近年、Lnk の遺伝子変異がヒトにおいて多血症・血小板無力症や骨髄増殖性疾患を引き起こすことが報告されている(文献10,11)。多血症では血小板数は増加するものの、血小板機能は低下していることが多く、今回、Lnk ノックアウトマウスでみられた表現型にきわめて近いと言える。
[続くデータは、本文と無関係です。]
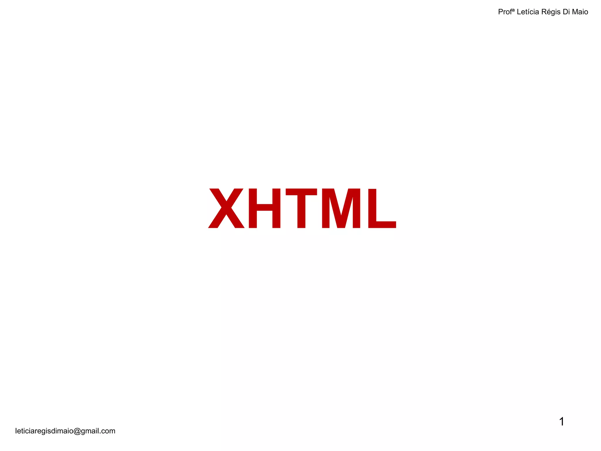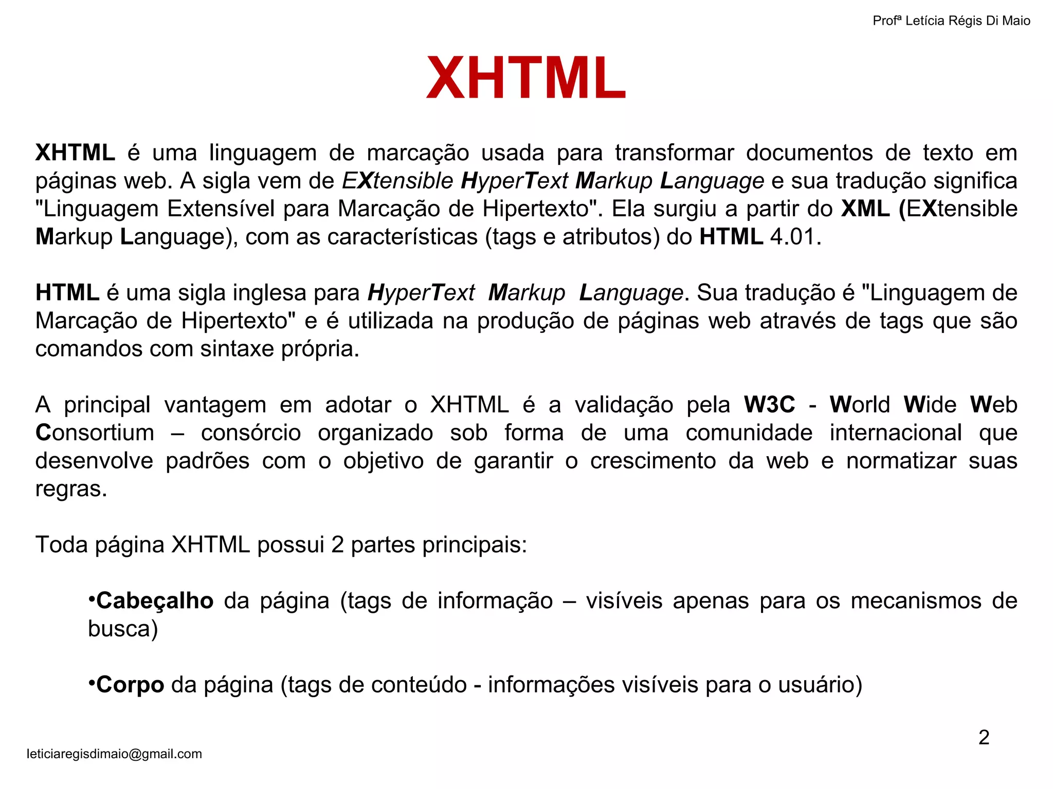 O documento discute o XHTML, uma linguagem de marcação usada para criar páginas web. Ele explica que o XHTML é baseado no XML e HTML 4.01, e contém tags para estruturar o cabeçalho e corpo da página. Também fornece exemplos de código XHTML com comentários explicando as tags e atributos usados.

今後は、さらに様々な血小板機能に異常を来す遺伝子改変動物における血栓形成過程・血小板動態を観察することにより、「生体内の血栓形成の各過程における遺伝子・物質の関与」を検討していきたい。
3.7 iPS 由来人工血小板の体内イメージング
近年の、多能性幹細胞(ES, iPS)の研究の進歩により、細胞療法を含む再生医学での広い範囲での臨床応用が期待されている。しかし、これらの基礎研究を臨床に繋げるためには、ヒトを対象とした研究に移行する前に、実際に試験管内で作成した細胞が、実際の個体(マウス及び大動物)の中でどのように機能しているか、どのように病変に働くかを明らかにすることは必須である。しかし、今までこれらiPS 由来の分化誘導細胞の体内での細胞動態を検討する手法は存在しなかった。共同研究者の東京大学医科学研究所幹細胞治療分野江藤准教授チームはC-Myc の発現をコントロールすることにより、飛躍的に効率的に、ヒトiPS 由来の人工血小板を作成する手法を確立した。我々は生体イメージングを用いて、こうして得られたヒトiPS 由来血小板の体内動態の可視化を行った。観察に用いて免疫不全マウス(NOG マウス)の体内で、iPS 由来血小板の細胞動態が捉えられ、iPS 由来血小板がマウス体内を循環しているだけでなく、レーザー傷害により誘発された血栓形成部位においてはホスト血小板とiPS 由来血小板が相互作用しながら血栓を形成するさまが観察された。つまり「人工血小板は体内を循環し、血栓も作る」事が証明されたわけである。本イメージング手法はiPS 分化誘導細胞を用いた細胞療法の臨床応用にむけて、安全性・有用性を評価する上できわめて有用性が高い手法と言える(文献12、図5)。
4.考察
次世代のイメージング我々は主にニポウ式レーザー共焦点、一光子励起の組み合わせで画像取得を行ってきた。しかし、深部臓器・臓器内部の構造に関しては可視化できず、遺伝子機能も不明であった。生体の各種病態下での細胞連関・情報伝達異常をより明らかにするためには、形態と機能と組み合わせた深部の光イメージングが今後必要になると考えられる。例えば、遺伝子改変動物を用いた遺伝子機能の光による解析を、二光子フェムト秒レーザーと高速スキャニング共焦点システムで行うというものであり、今後の光学機器の開発・改良が望まれる。